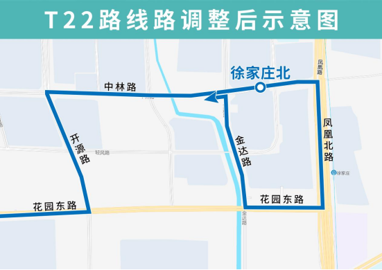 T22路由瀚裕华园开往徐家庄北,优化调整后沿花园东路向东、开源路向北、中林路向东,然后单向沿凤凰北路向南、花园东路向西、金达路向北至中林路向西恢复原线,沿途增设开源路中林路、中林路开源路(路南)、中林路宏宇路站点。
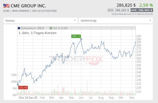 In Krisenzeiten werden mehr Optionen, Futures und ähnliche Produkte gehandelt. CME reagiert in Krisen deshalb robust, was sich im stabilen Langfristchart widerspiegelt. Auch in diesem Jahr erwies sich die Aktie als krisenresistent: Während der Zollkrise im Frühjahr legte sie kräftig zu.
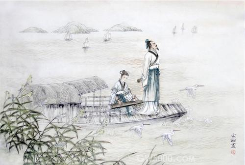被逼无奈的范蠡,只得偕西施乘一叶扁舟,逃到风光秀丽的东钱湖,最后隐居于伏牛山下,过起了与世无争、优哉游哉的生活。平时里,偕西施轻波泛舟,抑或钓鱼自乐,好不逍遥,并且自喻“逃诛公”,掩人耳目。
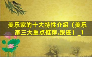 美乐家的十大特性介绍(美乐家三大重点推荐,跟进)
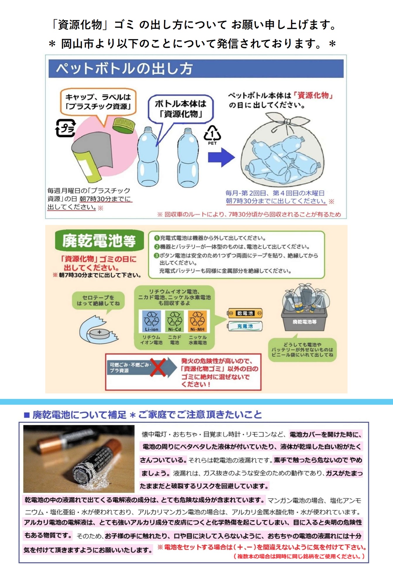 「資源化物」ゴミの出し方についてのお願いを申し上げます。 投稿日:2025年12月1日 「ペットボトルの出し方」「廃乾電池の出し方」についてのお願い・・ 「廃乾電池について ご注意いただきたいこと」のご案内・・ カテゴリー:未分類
══════════
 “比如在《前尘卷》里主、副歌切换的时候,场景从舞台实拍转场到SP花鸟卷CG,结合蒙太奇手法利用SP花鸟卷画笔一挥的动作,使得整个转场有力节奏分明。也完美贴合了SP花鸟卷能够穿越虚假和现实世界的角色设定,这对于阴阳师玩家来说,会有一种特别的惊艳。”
══════════
Reproduce the entries exactly, from the line with "T22路由瀚裕华园开往徐家庄" to the line with "美乐家的十大特性介绍(美乐家三大重点推荐,跟进)", both lines included, keeping no pictures.

 T22路由瀚裕华园开往徐家庄北,优化调整后沿花园东路向东、开源路向北、中林路向东,然后单向沿凤凰北路向南、花园东路向西、金达路向北至中林路向西恢复原线,沿途增设开源路中林路、中林路开源路(路南)、中林路宏宇路站点。
 In Krisenzeiten werden mehr Optionen, Futures und ähnliche Produkte gehandelt. CME reagiert in Krisen deshalb robust, was sich im stabilen Langfristchart widerspiegelt. Auch in diesem Jahr erwies sich die Aktie als krisenresistent: Während der Zollkrise im Frühjahr legte sie kräftig zu.
被逼无奈的范蠡,只得偕西施乘一叶扁舟,逃到风光秀丽的东钱湖,最后隐居于伏牛山下,过起了与世无争、优哉游哉的生活。平时里,偕西施轻波泛舟,抑或钓鱼自乐,好不逍遥,并且自喻“逃诛公”,掩人耳目。
 美乐家的十大特性介绍(美乐家三大重点推荐,跟进)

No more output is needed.